All become inarticulate; all are unable, like his own mother, to analyze, (or better, to psychoanalyze) the why of their lives. All are filled with great moments, but these are moments that words cannot possibly do justice to. And when they do say something, it might well be regret at saying the wrong thing, talking about baseball, say: "He felt, just for an instant, bleak ... He simply wished he hadn't mentioned the Cubs. This was over-confident, he thought. It was the wrong thing to say. A mistake."

When his characters speak, the words come out wrong, and it often would be better not to have offered them at all. Words are deceptive, will get you in trouble. In the final part of his mother's tale, as she is dying, he offers her a chance to come live with him and his wife in Princeton. After refusing such succor for years, at last,

    I saw in my mother's eyes, then, a light. A kind of light, anyway. Recognition. Relief. Concession. Willingness.
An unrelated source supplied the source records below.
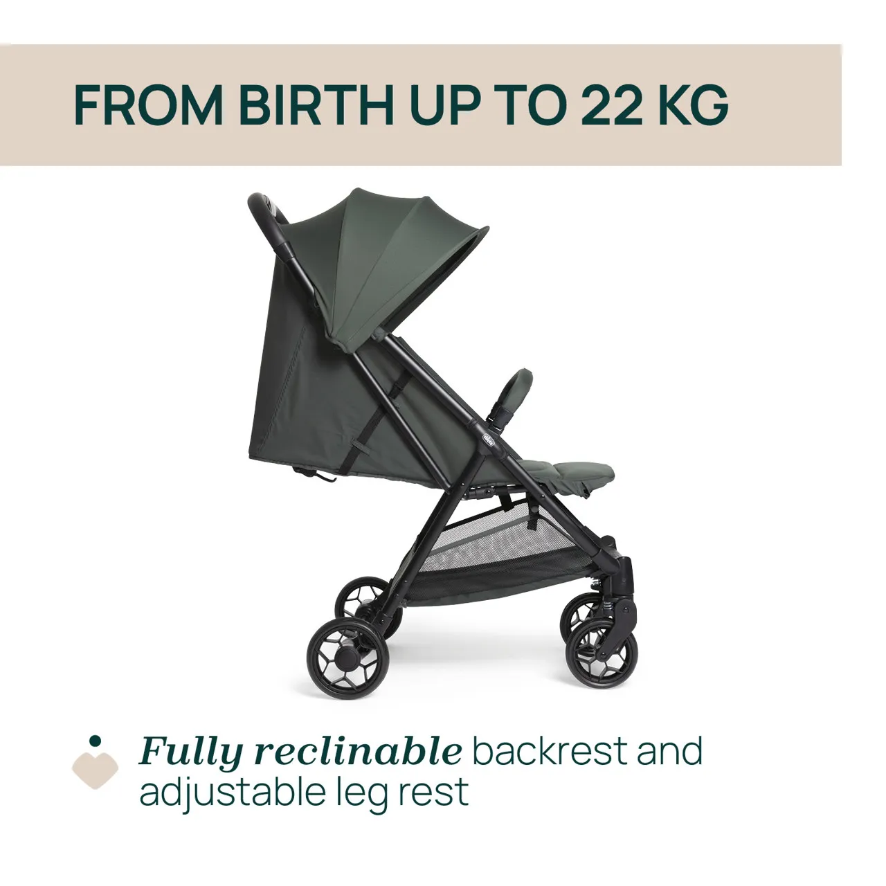 El respaldo del cochecito Urbino es completamente reclinable y se puede ajustar en diferentes posiciones gracias a la cinta que se puede operar con una sola mano.
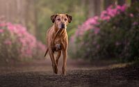Rhodesian Ridgeback tussen de Rhodondendrons
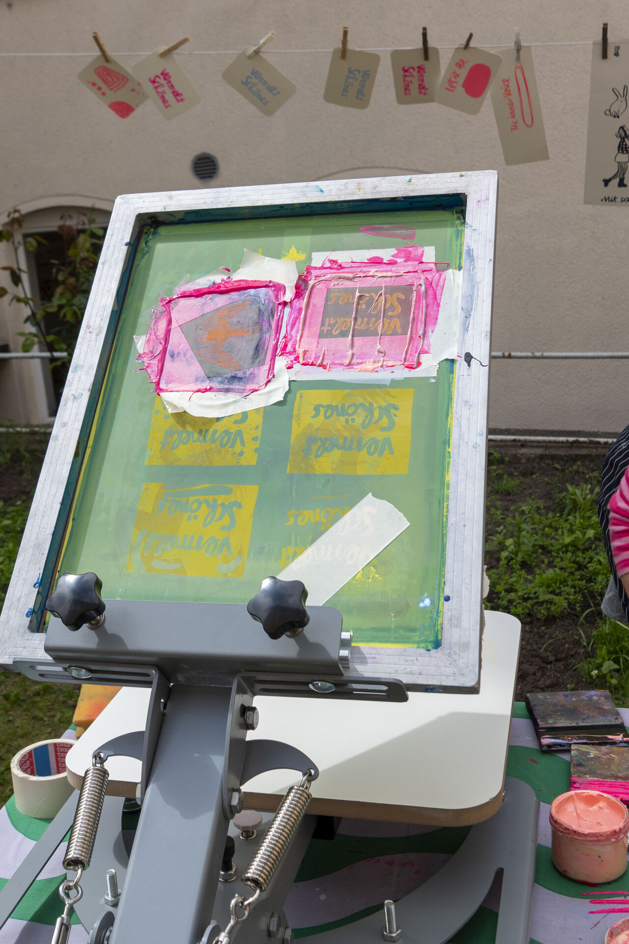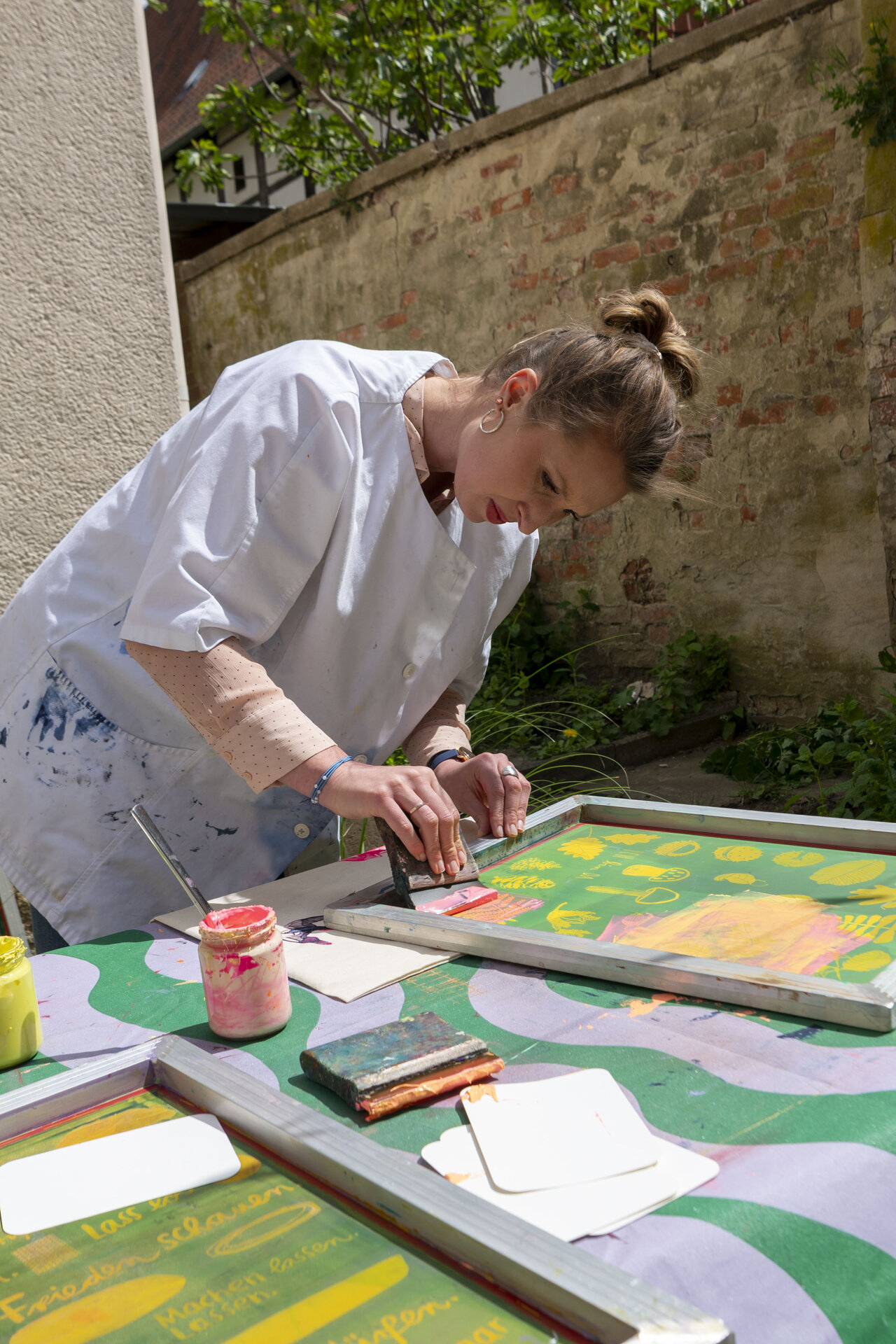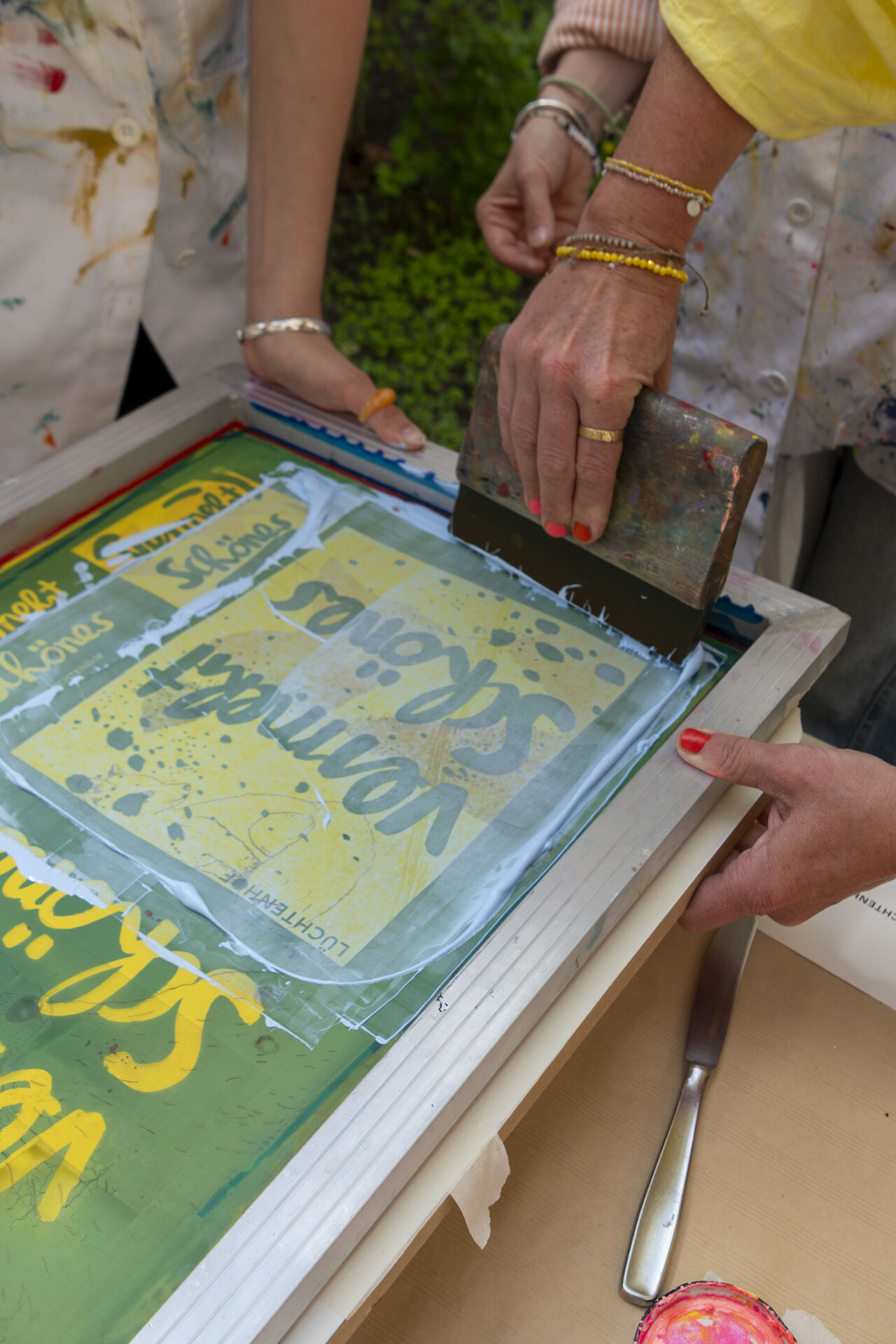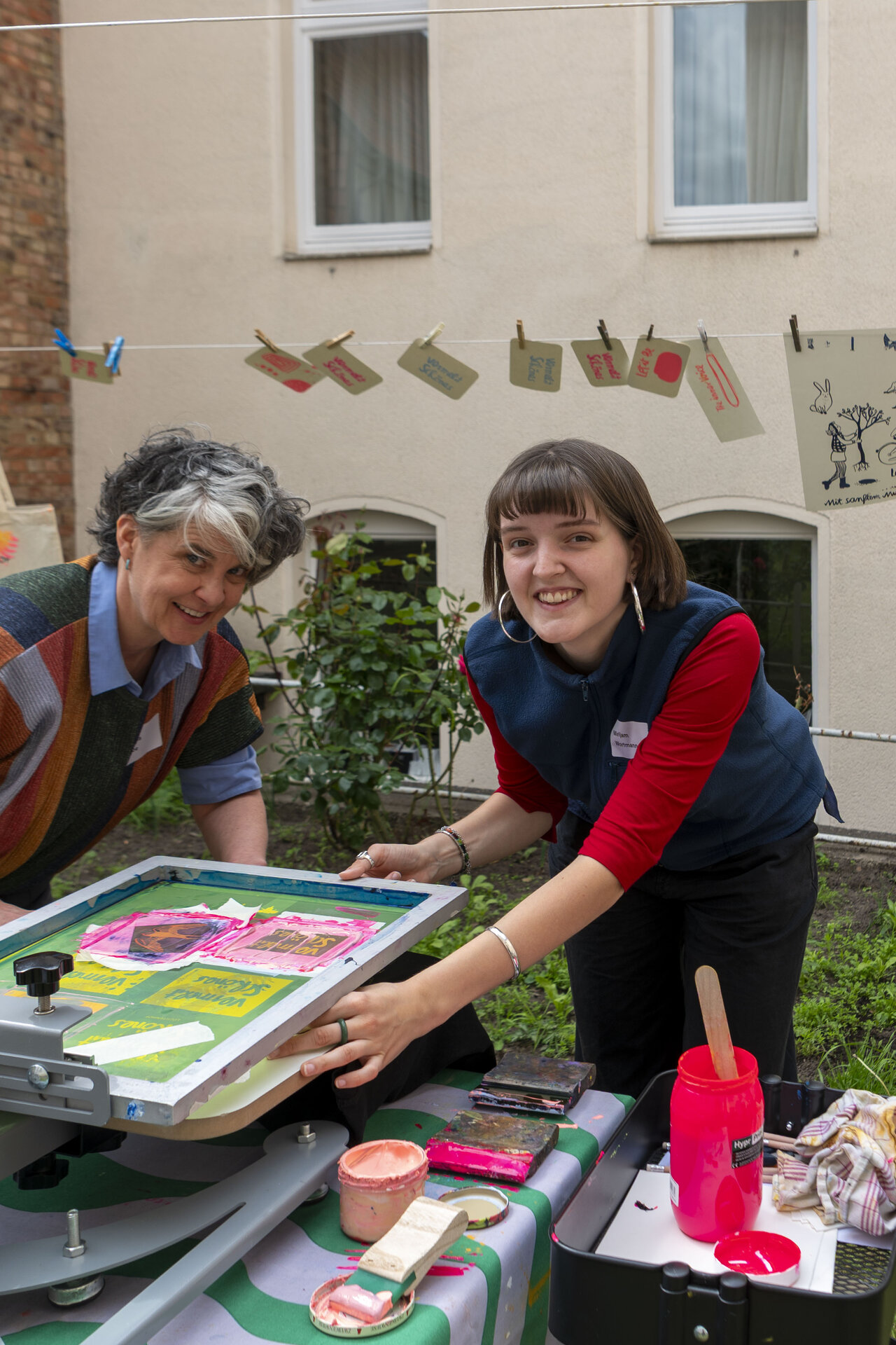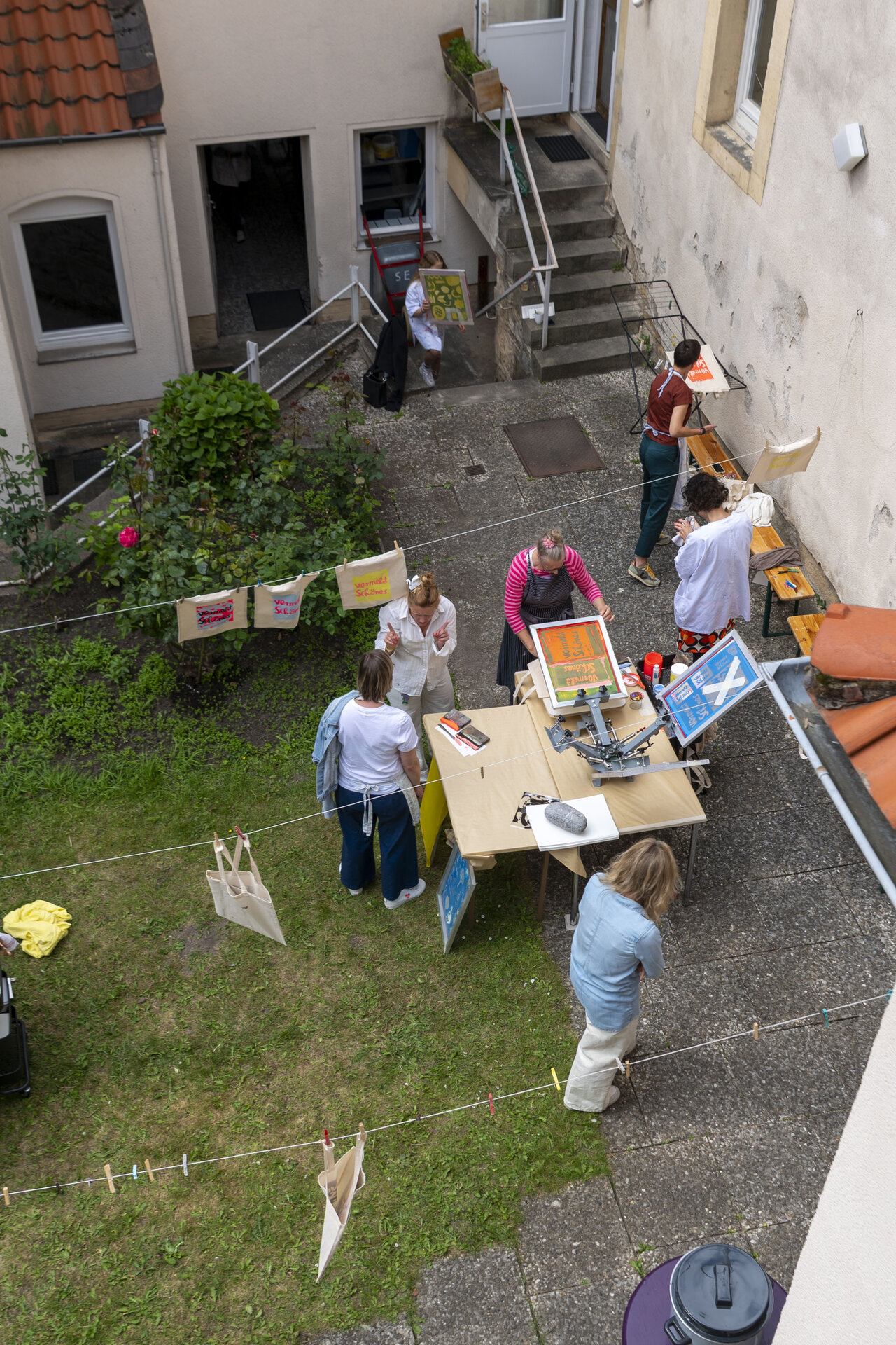 In Werkstattzeiten das Gehörte vertiefen und Schönes vermehren. Beim Siebdruck mit Werkstattleiterin Ann-Kathrin Blohmer und bei der Polaroidphotographie mit Eva Jung. Oder einfach durch die Gärten streifen, in der Bibliothek stöbern und die Ausstellung von Donata Wenders sichten.
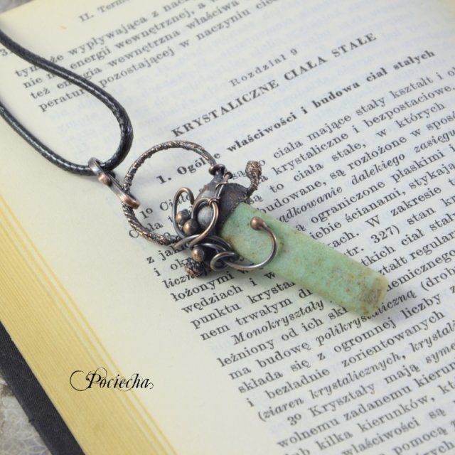 Piękny surowy w formie naszyjnik z wisiorem. Wisior stworzony ręcznie z miedzi oraz lekko surowego amazonitu.. Wisior powstał dzięki technice elektroformowania miedzią z elementami wire wrappingu. Całość patynowana na ciemny kolor i polerowana. Wymiary samego wisiora to ok. 5,7 ( długość ) 2,6 cm (szerokość ). Wisior zawiesiłam na czarnym sznurze jubilerskim. Zapięcie ręcznie robione typu haczyk. Obwód ok. 60 cm.
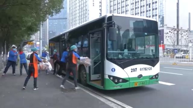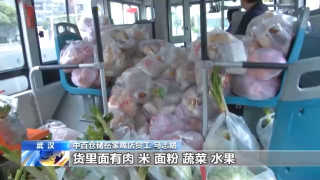 十點整,運送1500包愛心菜和500多包其它生活物資的專車來了:一輛297路公交車。為了提高運輸效率,武漢市公交集團承接了全市社區團購的集中配送任務。幾十名超市員工組成“人力傳送帶”把物資送上車。很快,公交車出發了。
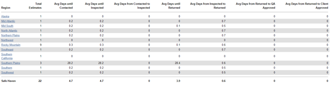 Avg Days from Inspected to Returned: Average number of days from status Site Inspected (site inspected by assignment recipient) to Returned (estimate returned to XactAnalysis from assignee)
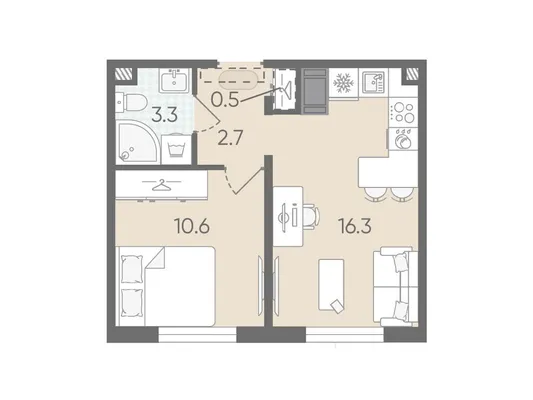 1-комн. от 33,1 до 34,1 м² от 6,28 млн до 6,60 млн ₽

    "Are you sure about that?" she said and looked at me. My mother's eyes were very brown, I remember.

    "Yes, I'm sure," I said. "You're my mother. I love you."

    "Well," she said and nodded. No tears. "I'll begin to think toward that, then. I'll make some plans about my furniture."

    "Well, wait," I said. And this is a sentence I wish, above all sentences in my life, I had never said. Words I wish I'd never heard. "Don't make your plans yet," I said. "You might feel better by then. It might not be necessary to come to Princeton."

    "Oh," my mother said. And whatever had suddenly put a light into her eyes suddenly went away then.

Ford's life and work are words. He shapes them every day, forms them into sentences, ideas, books. But they can trick you, can lead you astray, can turn around and poison you, and your life, and the lives of others. They seem so easy, come so easy --- but as they build, so they can, so easily, destroy.